The inclusion of these, and other early works, provides a necessary corrective to the casual classification of Sekula’s corpus as straightforward ‘documentary practice’. The exhibition booklet further disrupts such characterisation. Sekula’s project is framed as one that not only avoids crude naturalistic claims for the objectivity of the documentary image, but one that also seeks to resist the overblown reduction of images to ‘simulacra’, shorn of any indexical quality.
Instead, Sekula’s work reveals the inherently social quality of the documentary image, as that which is not objective, but nonetheless critically realistic. This is most directly articulated in ‘Fish Story’, Sekula’s best-known project. Between 1989-95, Sekula travelled the ‘forgotten space’ of oceanic trade, documenting commodity distribution across container ports: labour at a post-Soviet moment when some proclaimed the advent of a ‘weightless world.’

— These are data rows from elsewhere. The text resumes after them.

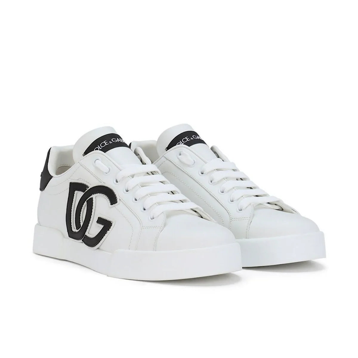 L'iconica sneaker Portofino realizzata in pelle di vitello nappata viene presentata in una nuova versione. Dalla linea essenziale, è personalizzata da patch logo DG in pelle di vitello bicolore.
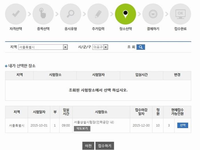 자격선택후 종목을 선택,응시유형과 추가입력을 다 한후 시험을 치를 장소를 선택합니다.
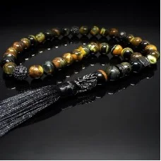 Чотки  Дракон із натурального каменю Тигрове око зелене
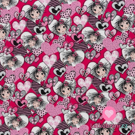 Úplet potlač slečna v srdiečku na ružové
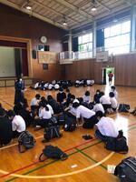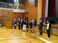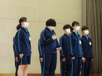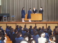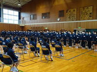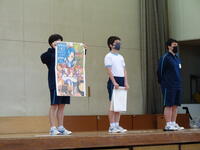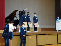 はじめに部活動や文化的活動に対する表彰を行い、続いて1年生の校外学習、3年生の修学旅行代替行事の発表がありました。さらに、委員会委員長の話や生徒会長の話の後、校長先生の話で集会は終わりました。
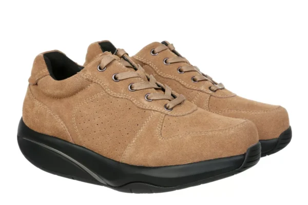Das Obermaterial – ein Mix aus Mesh und Kunstleder, das Mesh-Fußbett sowie die bewährte MBT-Sohlen-Konstruktion (mittleres Aktivierungslevel) gewähren hohen Tragekomfort. Die MBT-Sohlentechnologie erlaubt ein optimiertes Gehen und Stehen, ein Schnellverschluss-System ermöglicht ein rasches und bequemes An- und Ausziehen.

While such themes are revisited in Sekula’s meandering three-hour film essay ‘The Lottery of the Sea’ (2006), ‘Fish Story’ is exemplary in that it follows no singular classificatory mode; instead, the itinerant subject matter is embodied by the work’s distribution across multiple documentary forms: as a book, photo-essays, and slideshows.
Versions of three chapters are exhibited here. Upstairs in ‘Dismal Science’ (1989/92), an automated slide carousel metes out images of British industrial ports, shipping-container-by-shipping-container. Downstairs, the photographic series ‘Loaves and Fishes’ (1993) is scattered across the wall: a man welds in Potsdam; a Baltic factory lies derelict. As the effects of global trade are exposed on a local or bodily scale, some scenes feel intimate, contemplative; others feel colder, more distant. While each discrete image encapsulates a microcosm of global capitalistic relations, the work resists reduction to an exercise in cognitive mapping. Instead, the images’ disjuncture highlights their partiality, their ostensible disconnection projecting the further unseen reach of global supply chains.
Curator Marie Muracciole’s astute decision to avoid framing the exhibition within the language of the ‘retrospective’ circumnavigates totalising or exhaustive claims. As ‘Fish Story’ only describes part of the global shipping industry, so these three chapters only represent part of the whole. While these depictions are inevitably partial and inadequate, they not only chart the contours of global capital, but together outline a critical practice of comprehending and resisting this violence.